Attention all developers, researchers, and enthusiasts: Google has announced that they will be releasing a new . API is, simply put, a set of rules and tools to help build software. Google’s new TensorFlow object detection API is designed to make it easier to identify objects using images. The API includes models that are designed to work on even on comparatively simple devices, like smartphones.
Simplifying machine learning models is proving to be essential for advancing API and machine learning technologies. We don’t all have massive desktop setups with our own servers capable of handling just about anything. While it’s possible to run them through the cloud, that usually proves to be abysmally slow, and also requires an internet connection. That means that in order to make these models more accessible to the average consumer, they’ll need to be simplified.
Keeping that in mind, Google intends for this new API to be extremely user-friendly, allowing anyone and everyone with a basic computer or smartphone to explore the world of machine learning.
We know that this new API can be used to identify objects by using images, but beyond being amusing, could that actually be useful in our everyday lives? As it turns out — yes, it likely could be.
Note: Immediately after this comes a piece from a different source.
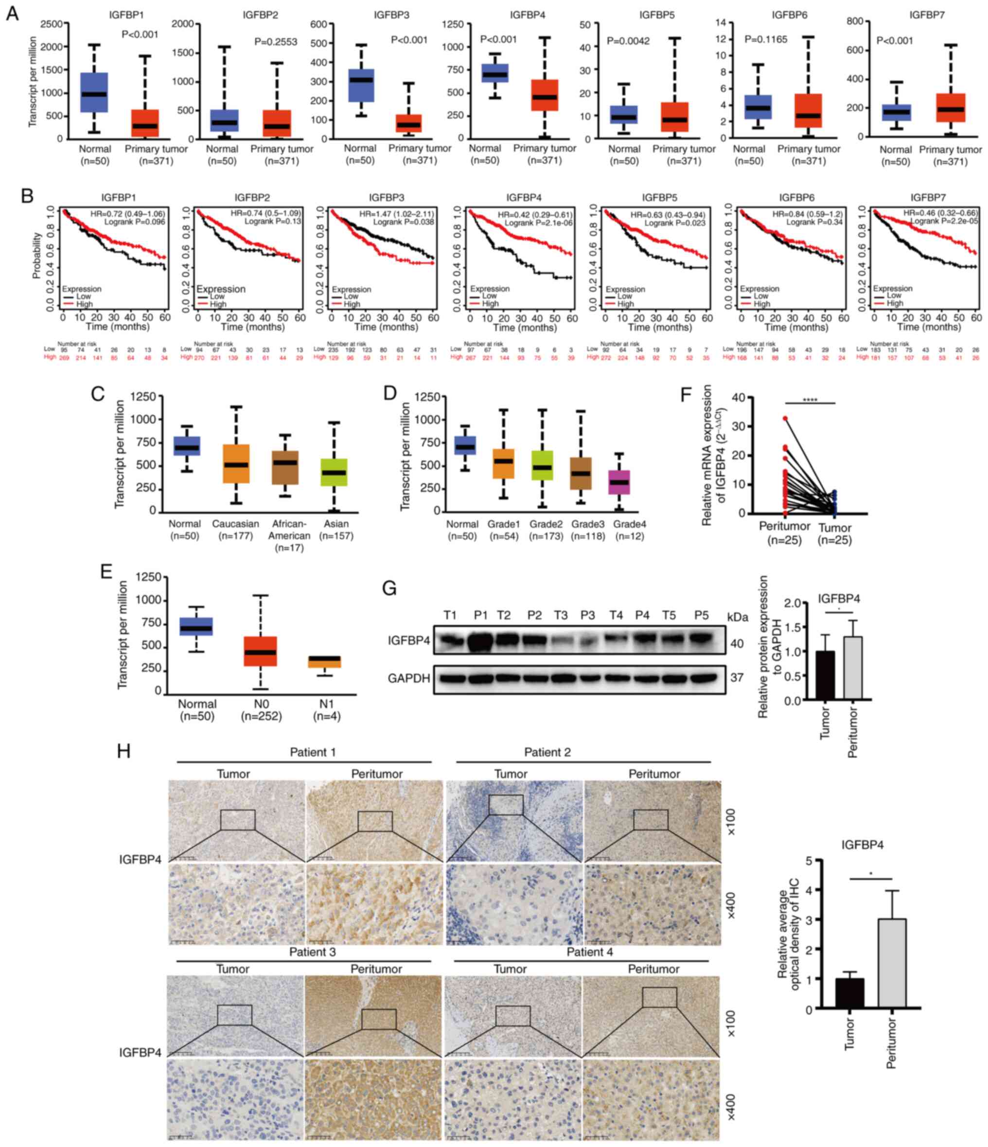 To determine which IGFBP family member may be the key to regulating HCC progression, the IGFBPs family (IGFBP1-7) gene expression was first analyzed using TCGA-LIHC datasets. The results showed that the IGFBP1 (P<0.001), IGFBP3 (P<0.001), IGFBP4 (P<0.001) and IGFBP5 (P=0.0042) have significantly downregulated expression in liver cancer (Fig. 1A). Kaplan-Meier plotter website was used to predict the single gene expression associated with HCC prognosis, and low expression of IGFBP4 (P=2.1×10−6) and IGFBP7 (P=2.2×10−5) was found; rather, other IGFBP members were significantly correlated with poor prognosis of patients with LIHC (Fig. 1B). Thus, further studies were performed to investigate the role of IGFBP4 in HCC progression. The expression of IGFBP4 was found to be lower in the HCC population compared with the normal population, especially in the Asian population (Fig. 1C). In addition, the expression of IGFBP4 was further reduced in patients with HCC with poor liver tumor grade and lymph node metastasis (Fig. 1D and E). The downregulated expression of IGFBP4 in the clinical tumor specimens of patients with HCC was further validated using RT-qPCR (P<0.0001) and WB (Fig. 1F and G). IHC staining also demonstrated that IGFBP4 expression was lower in HCC tissues compared with that in the matched adjacent normal tissues (Fig. 1H). These data indicated that IGFBP4 was downregulated in HCC and its low expression predicts poor prognosis in patients with HCC.

This type of API could lead to advancement in facial recognition, landmark detection, as well as the most obvious — object identification. These seemingly basic tools will continue to become essential in many different fields. From information services to law enforcement and even just daily digital tasks, these seemingly small strides in the progression and simplification of machine learning will only continue to push us forward.
Aside from Google’s development of the API and launch of TensorFlow lite, a streamlined version of the machine learning framework, other companies have been creating mobile models, too: Facebook has used the tech to build its Caffe2Go framework and subsequently Facebook’s Style Transfer, and Apple released CoreML, which aims to help run these models on iOS devices. Piece by piece, machine learning is moving closer to individual accessibility.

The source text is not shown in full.